Rollo and Don Ed Hardy inherited Sailor Jerry's Tattoo Shop in Honolulu. From Wikipedia: "Norman 'Sailor Jerry' Collins (born 1911, died 1973) is considered the foremost American tattoo artist of his time. He expanded the array of colors available by developing his own safe pigments. He created needle formations that embedded pigment with much less trauma to the skin, and he was one of the first to utilize single-use needles and hospital-quality sterilization. His attention to detail was so precise that the riggings in his nautical tattoos were perfectly accurate. Artistically, his influence stems from his union of the roguish attitude of the American sailor with the mysticism and technical prowess of the Far East. He maintained a close correspondence with Japanese tattoo masters during his career. He regarded tattoos as the ultimate rebellion against 'the Squares.'"
Malone became a tattoo artist while on a photography assignment for Esquire to shoot New York City tattooing, which was then against the law; he took the name "Rollo Banks," the fat rich kid in the brilliant Nancy comic strip written and drawn by Ernie Bushmiller.
Rollo took over Sailor Jerry's shop (Hardy went to San Francisco). He was a brilliant tattoo artist and over the years trained many of the world's best in the art. To this day, when you walk into a tattoo shop anywhere in the world, you are very likely to see his flash (tattoo designs) hanging on the walls. Later in his life, he also designed outstanding electric tattooing machines. There is much more to the story, so much more, but that is at least a piece of it.
Rollo was not just powerful, important, and unique to so many of us, but something much more. We met him through Michael Corcoran. He was Corky's friend, mentor, and teacher. Later, he married Margaret Moser. There are some wonderful and funny stories to be told about Corky and Rollo's adventures, as well as about his courtship of Margaret. He changed their lives, as he did so many. They both loved and love him. It was and is the same with me and with so many others, if not as intimately or long-term.

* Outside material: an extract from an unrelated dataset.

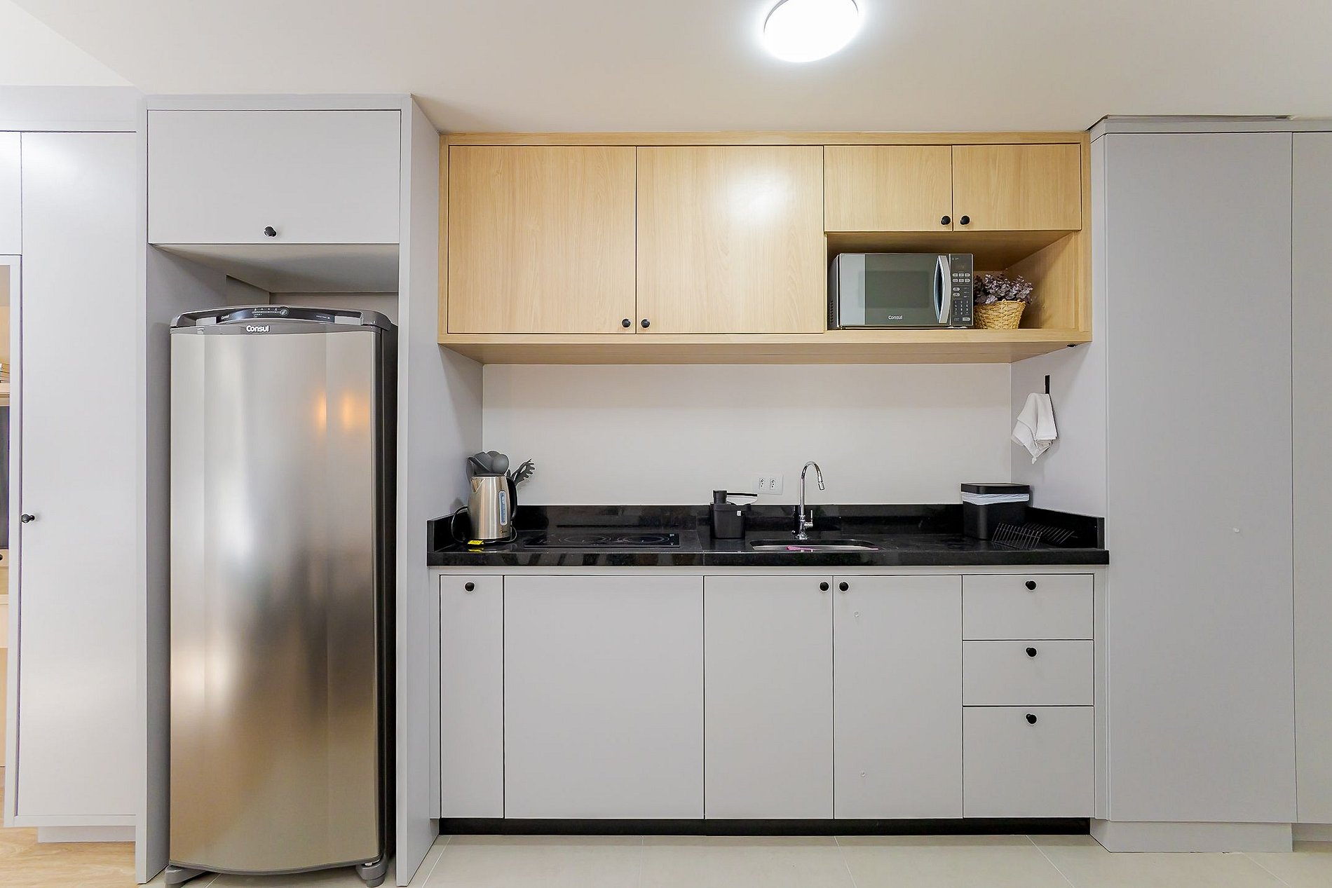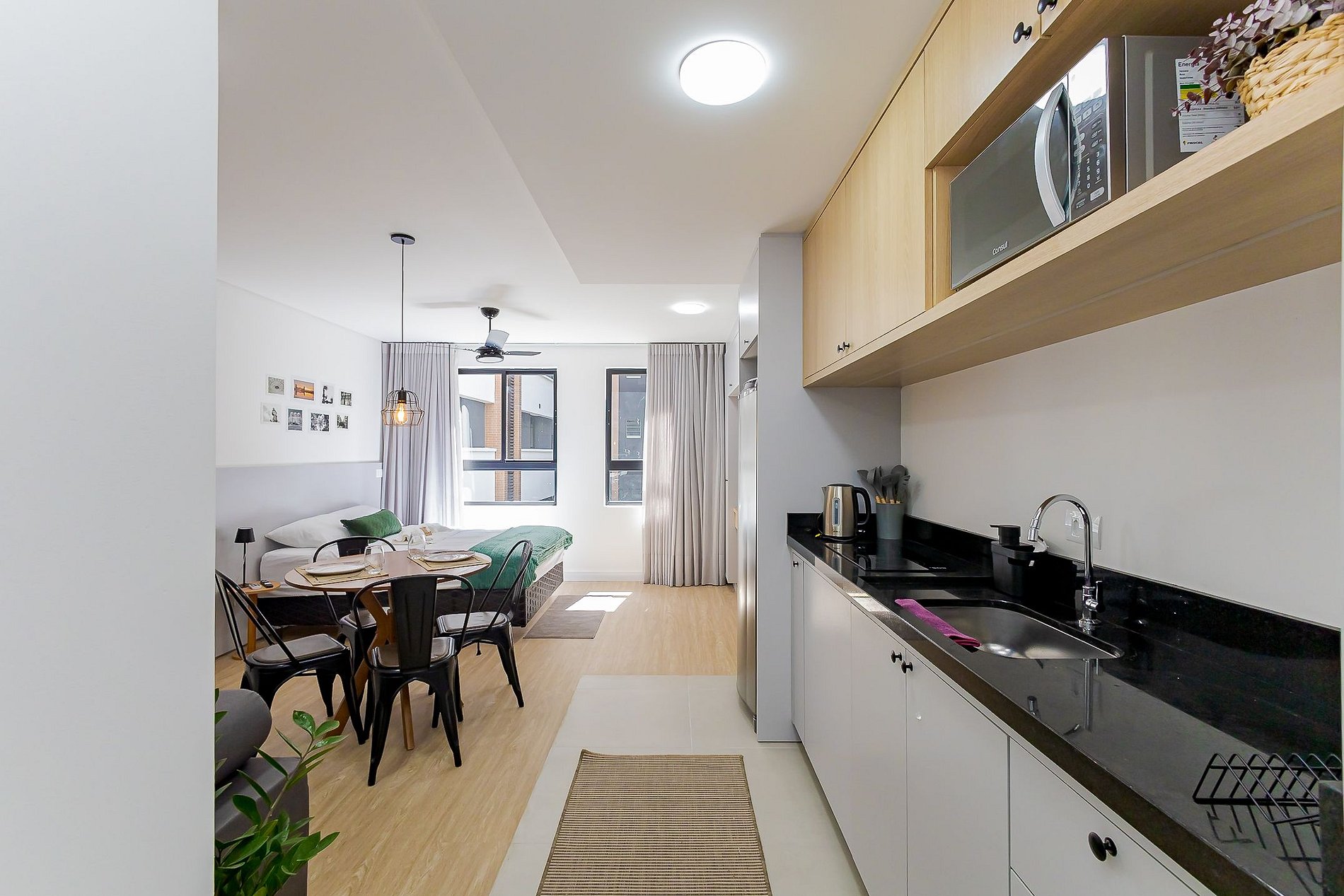 • Cozinha: Equipada com cooktop de 2 bocas, micro-ondas, chaleira elétrica, talheres, copos de vidro e panelas para pequenas refeições.

This paper exists as it is because of Rollo. This is true in many, many ways. One of them is that, for a long time during the worst years, every afternoon Nick Barbaro and I would head over to the tattoo shop to sit around talking and joking with Rollo and Corky. Saying that this saved our lives doesn't even begin to describe the legacy.
This was not mouth-to-mouth resuscitation, when one is dazed and gasping for breath at the end. This was where our souls were restored, where our sense of the importance of job and responsibility was reinforced. It is where, and Rollo is from whom, we learned how to be who we are.
There are principles by which one must live for a life that is honest, meaningful, and of worth. Those we didn't know, we learned in the shop; for those we did know, our understanding matured. We knew that, at the end, all that it is really about is love, humor, friends, honor, and work. If life isn't fun challenging, interesting, sometimes terrifying, certainly depressing, exciting then why bother?
At the center is the joke. Rollo knew the joke intimately, generously sharing it all the time with everybody he met. There is much more than the joke, but without it there is no meaning that is worth anything.
Rollo mocked me, teased and taught Corcoran, helped nurture the Chronicle, loved Margaret, and knighted Barbaro as the Captain. There is so much more that can be said, but there is, in many ways, also nothing more that needs to be.
*Oops! The following correction ran in our May 4, 2007 issue: In the April 20 "Page Two," Don Ed Hardy was mistakenly referred to as Jack Ed Hardy. The Chronicle regrets the error.